Too many people are still relying on emergency departments as their go-to place for health care, despite the Affordable Care Act.
According to a study published in JAMA Network Open found that even though more people are insured and uninsured ED visits dropped after the implementation of the ACA in 2014, ED visits overall are still on the rise. In fact, they rose by 2.3 million a year between 2006 and 2016, although the proportion of visits that were uninsured stayed relatively static from 2006 to 2013 and constituted 14 to 16 percent of visits. Uninsured visits, the report adds, made up 8 percent of all ED visits by 2016.
According to the study's author, Dr. Adam Singer, professor and vice chairman for research in the department of emergency medicine at Stony Brook University's Renaissance School of Medicine, the findings indicate that too many people are still depending on hospital EDs as their chief provider for health care—despite increased insurance coverage and other places to go for care, such as urgent care centers and retail health clinics.
“When one in 10 patients' ED visits and one in 20 hospital discharges are among patients with no insurance, it shows that there is still a lot of work that needs to be done to expand access to coverage,” Singer told Modern Healthcare.

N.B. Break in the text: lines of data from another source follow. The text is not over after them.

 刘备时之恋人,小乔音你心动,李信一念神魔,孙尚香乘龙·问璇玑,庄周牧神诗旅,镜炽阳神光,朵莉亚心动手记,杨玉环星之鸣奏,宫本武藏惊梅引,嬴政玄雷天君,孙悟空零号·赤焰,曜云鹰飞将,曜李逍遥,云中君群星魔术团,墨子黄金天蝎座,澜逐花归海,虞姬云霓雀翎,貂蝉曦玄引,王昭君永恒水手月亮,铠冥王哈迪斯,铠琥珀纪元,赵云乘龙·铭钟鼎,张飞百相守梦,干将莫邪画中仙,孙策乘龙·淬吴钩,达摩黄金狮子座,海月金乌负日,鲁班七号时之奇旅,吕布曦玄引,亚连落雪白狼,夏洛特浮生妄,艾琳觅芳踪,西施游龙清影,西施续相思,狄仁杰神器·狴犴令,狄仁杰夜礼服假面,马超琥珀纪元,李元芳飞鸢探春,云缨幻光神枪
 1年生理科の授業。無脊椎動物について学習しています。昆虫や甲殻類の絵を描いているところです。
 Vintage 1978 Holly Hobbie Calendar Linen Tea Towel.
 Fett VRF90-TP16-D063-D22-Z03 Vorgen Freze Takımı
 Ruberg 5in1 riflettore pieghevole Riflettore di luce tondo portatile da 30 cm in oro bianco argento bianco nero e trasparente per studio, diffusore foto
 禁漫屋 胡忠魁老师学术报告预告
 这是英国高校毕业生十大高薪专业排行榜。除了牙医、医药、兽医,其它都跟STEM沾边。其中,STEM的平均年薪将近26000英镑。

Other studies have revealed similar results—that just having insurance isn't enough to keep people out of the emergency room. Although the ACA has resulted in fewer uninsured patients coming to the emergency room, people still turn to EDs rather than to alternate care providers—and raises the question of whether there are factors other than insurance coverage that are hindering efforts to encourage patients to turn to other providers.
Although hospitalizations have come down as people receive care from outpatient facilities, the fact that the same is not true for ED visits implies that the increase in ED utilization is less preventable than hospitalizations. In addition, hospitals are increasingly classifying patients who come to the ED with observation status rather than admitting them.
“I think at the end of the day my question would be, do you have access to care because of insurance, or are there still financial impediments to that process,” said Dr. Rade Vukmir, spokesman for the American College of Emergency Physicians. “If you look around you'll find that there may be.”